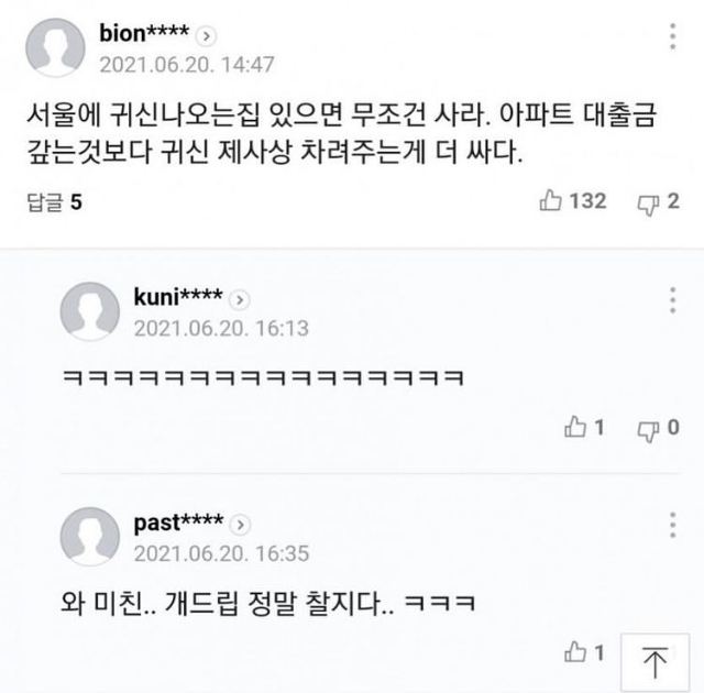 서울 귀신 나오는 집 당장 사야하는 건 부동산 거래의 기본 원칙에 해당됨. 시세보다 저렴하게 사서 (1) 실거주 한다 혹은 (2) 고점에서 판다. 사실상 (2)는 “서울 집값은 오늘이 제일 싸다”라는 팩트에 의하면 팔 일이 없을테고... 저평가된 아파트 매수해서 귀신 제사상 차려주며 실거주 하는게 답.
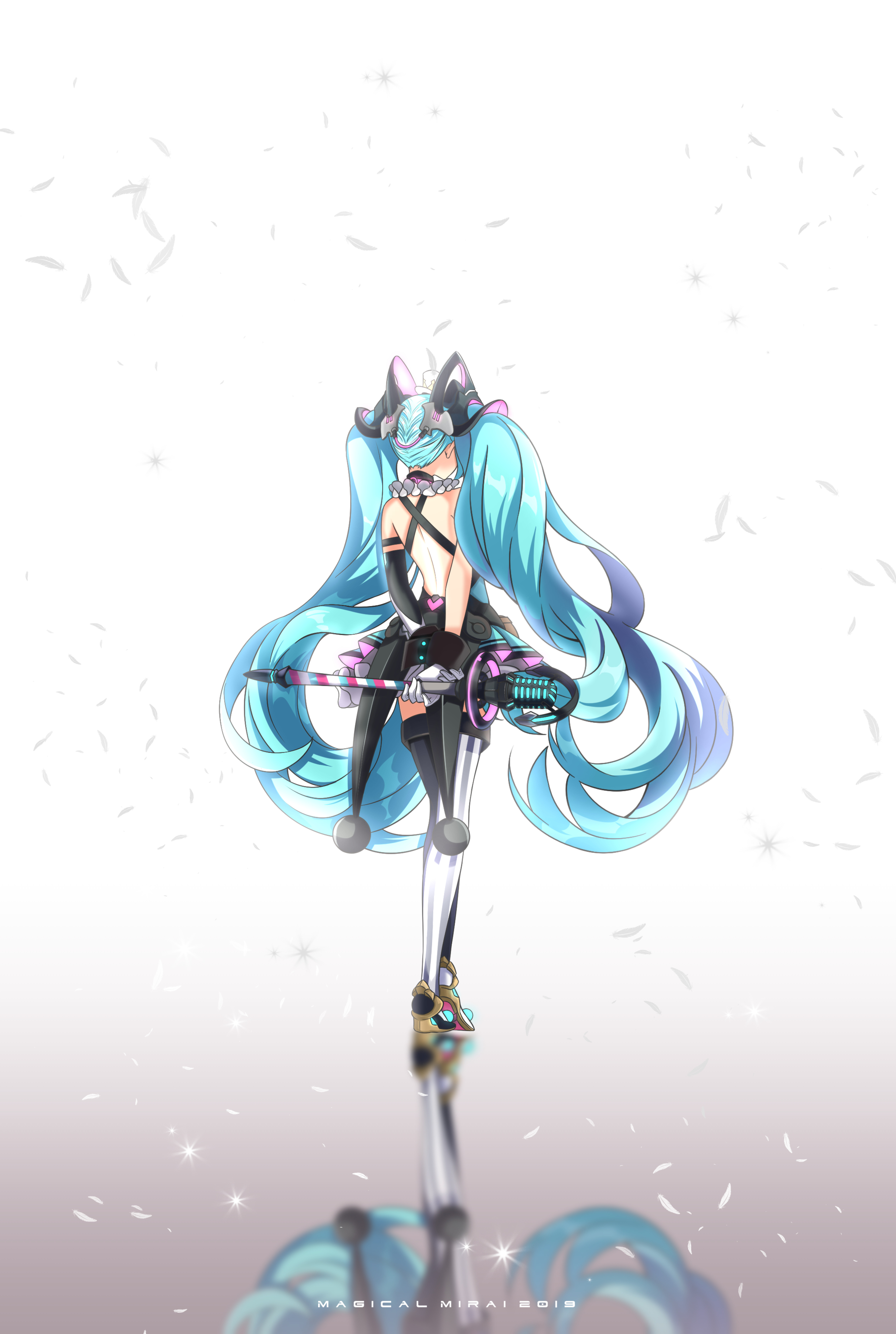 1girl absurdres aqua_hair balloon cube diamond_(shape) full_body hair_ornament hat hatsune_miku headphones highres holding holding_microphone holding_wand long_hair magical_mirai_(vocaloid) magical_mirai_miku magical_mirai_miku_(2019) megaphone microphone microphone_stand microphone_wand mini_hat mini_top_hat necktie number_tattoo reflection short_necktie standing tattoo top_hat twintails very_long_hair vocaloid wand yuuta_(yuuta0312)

^^^^^^^^

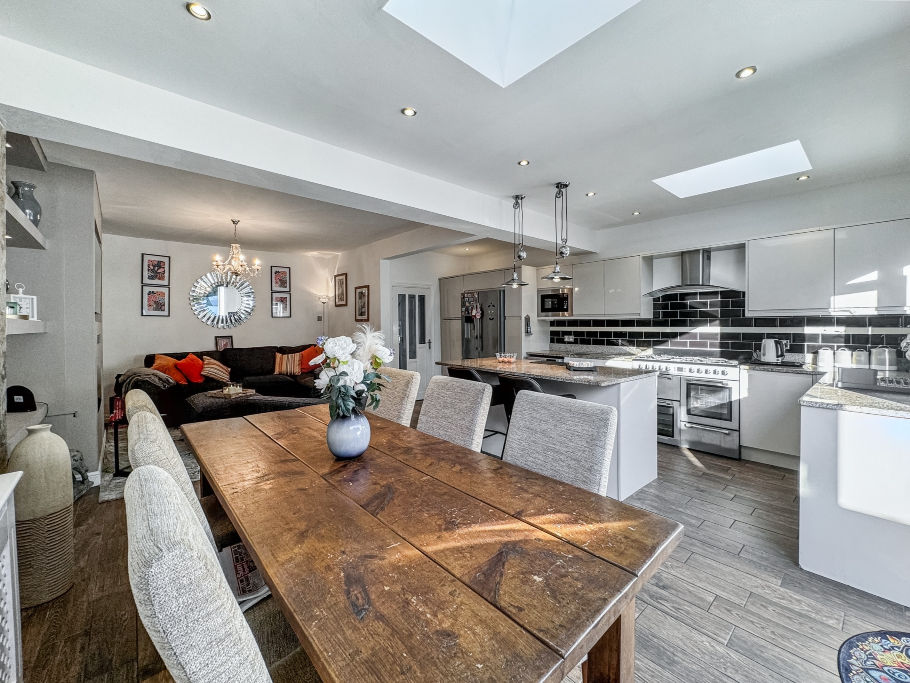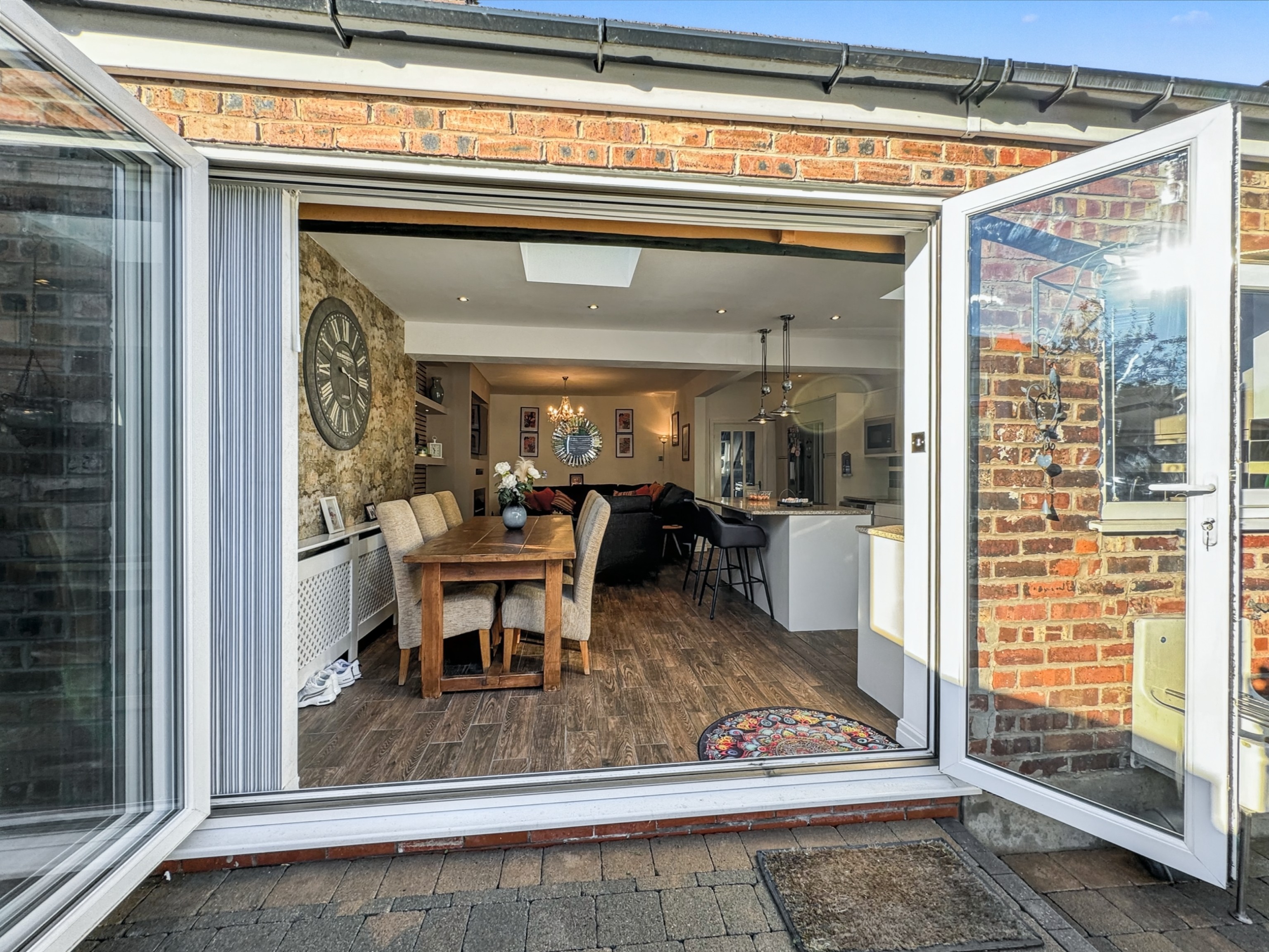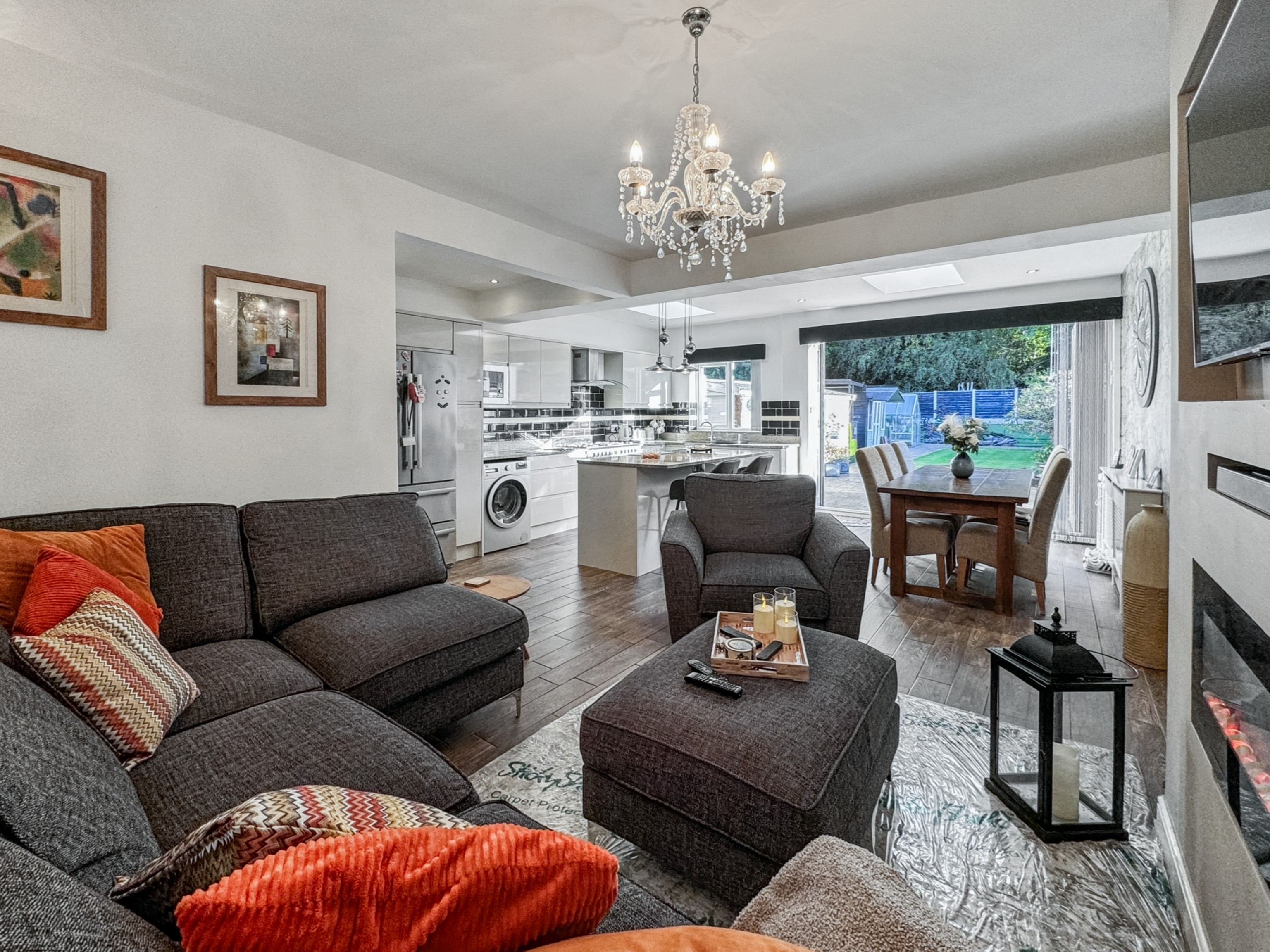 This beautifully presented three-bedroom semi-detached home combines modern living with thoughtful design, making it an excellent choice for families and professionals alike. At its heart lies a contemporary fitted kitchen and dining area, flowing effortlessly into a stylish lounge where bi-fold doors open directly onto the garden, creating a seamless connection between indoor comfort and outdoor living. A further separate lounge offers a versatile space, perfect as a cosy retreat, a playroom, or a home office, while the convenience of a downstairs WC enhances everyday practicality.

^^^^^^^^

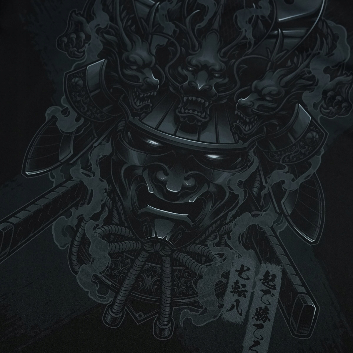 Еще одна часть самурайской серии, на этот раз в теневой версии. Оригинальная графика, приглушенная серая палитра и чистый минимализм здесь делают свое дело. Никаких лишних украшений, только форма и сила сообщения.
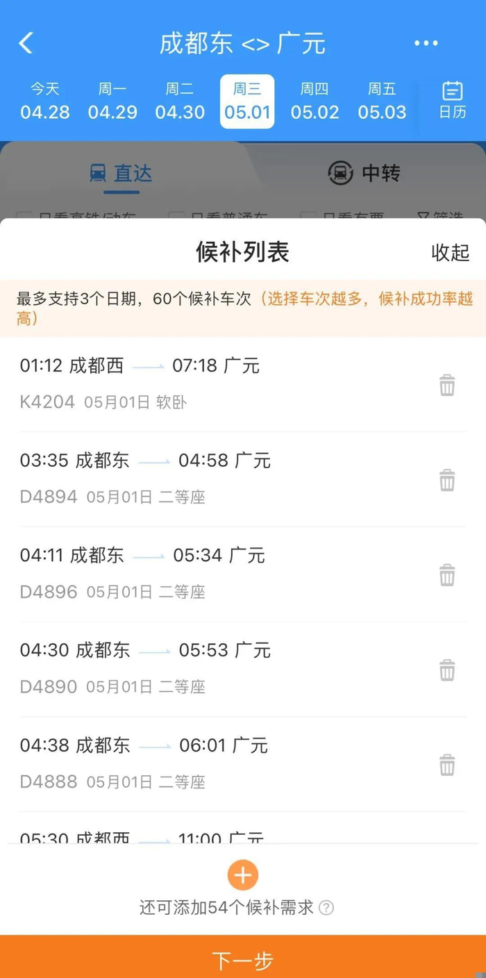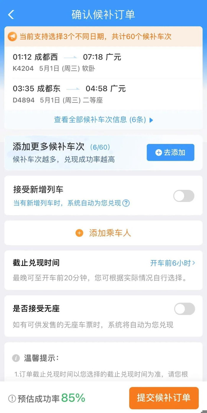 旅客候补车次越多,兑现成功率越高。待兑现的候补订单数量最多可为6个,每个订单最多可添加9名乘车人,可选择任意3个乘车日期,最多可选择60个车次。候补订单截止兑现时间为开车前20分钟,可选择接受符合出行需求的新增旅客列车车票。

^^^^^^^^

Only the lines above from the one with "서울 귀신 나오는 집" to the one with "1girl absurdres aqua_hair" should be printed, both included and exactly as written; no picture belongs in the copy.

RESPONSE TO THE TASK —
 서울 귀신 나오는 집 당장 사야하는 건 부동산 거래의 기본 원칙에 해당됨. 시세보다 저렴하게 사서 (1) 실거주 한다 혹은 (2) 고점에서 판다. 사실상 (2)는 “서울 집값은 오늘이 제일 싸다”라는 팩트에 의하면 팔 일이 없을테고... 저평가된 아파트 매수해서 귀신 제사상 차려주며 실거주 하는게 답.
 1girl absurdres aqua_hair balloon cube diamond_(shape) full_body hair_ornament hat hatsune_miku headphones highres holding holding_microphone holding_wand long_hair magical_mirai_(vocaloid) magical_mirai_miku magical_mirai_miku_(2019) megaphone microphone microphone_stand microphone_wand mini_hat mini_top_hat necktie number_tattoo reflection short_necktie standing tattoo top_hat twintails very_long_hair vocaloid wand yuuta_(yuuta0312)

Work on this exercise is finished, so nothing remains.